Dann laufen wir weiter. Ich recke den Kopf und schaue ihn an. Sein Gesichtsausdruck ist streng. Die Augen starr geradeaus gerichtet. Die Stille zwischen uns ist anders als zuvor. Nicht vertraut oder tröstlich oder wenigstens gleichgültig. Sie ist zum Zerreißen gespannt und geradezu greifbar. Ich überlege, ob ich ihn fragen soll, was er zuletzt gesagt hat, aber ich finde den Mut dazu nicht.
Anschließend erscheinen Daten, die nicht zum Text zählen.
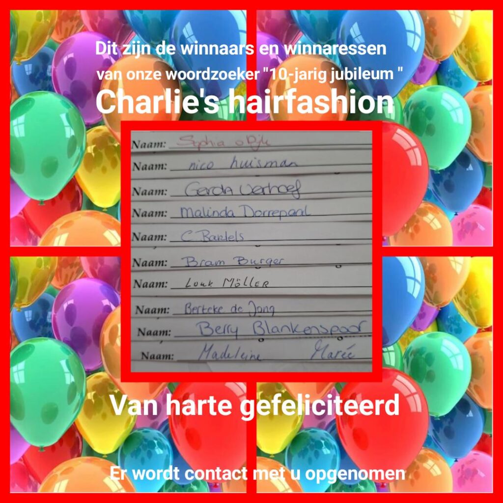 Charlie’s hairfashion 1 oktober aanstaande, 10 jaar bestaat? Wij ons10-jarig jubileum met u gaan vieren vanaf dinsdag 30 september? Wij ons 10-jarig jubileum met ons personeel gaan vieren op zaterdag 4 oktober (inclusief overnachting)? De Salon dus op zaterdag 4 oktober gesloten is? Er binnenkort weer een leuke woordzoeker (inclusief klanttevrenheidsonderzoek) voor u […]

Also schweigen wir. Georg führt mich die gerade Straße entlang, während die Sonne endgültig hinter den fernen Baumwipfeln verschwindet und alles um uns herum dunkel und grau zu werden beginnt. Schließlich entdeckt Georg ein weiteres Kreuz am Straßenrand.
»Was war es hier?«, fragt er. Seine Stimme ist leiser als zuvor. Sein Atem geht ruhiger.
Ich schließe die Augen, um die Welt vor mir auszuschließen. »Da hat einer seine Tochter erschlagen«, erkläre ich mit brüchiger Stimme. »Bitte. Bitte lass mich nicht weiterreden.«
Ich traue mich kaum, ihn anzusehen, aber diesmal ist Georg nicht wütend. Er legt auch den zweiten Arm um mich und küsst meine Stirn. Ich kann mich in seiner Umarmung nicht ganz entspannen, aber ich versuche es.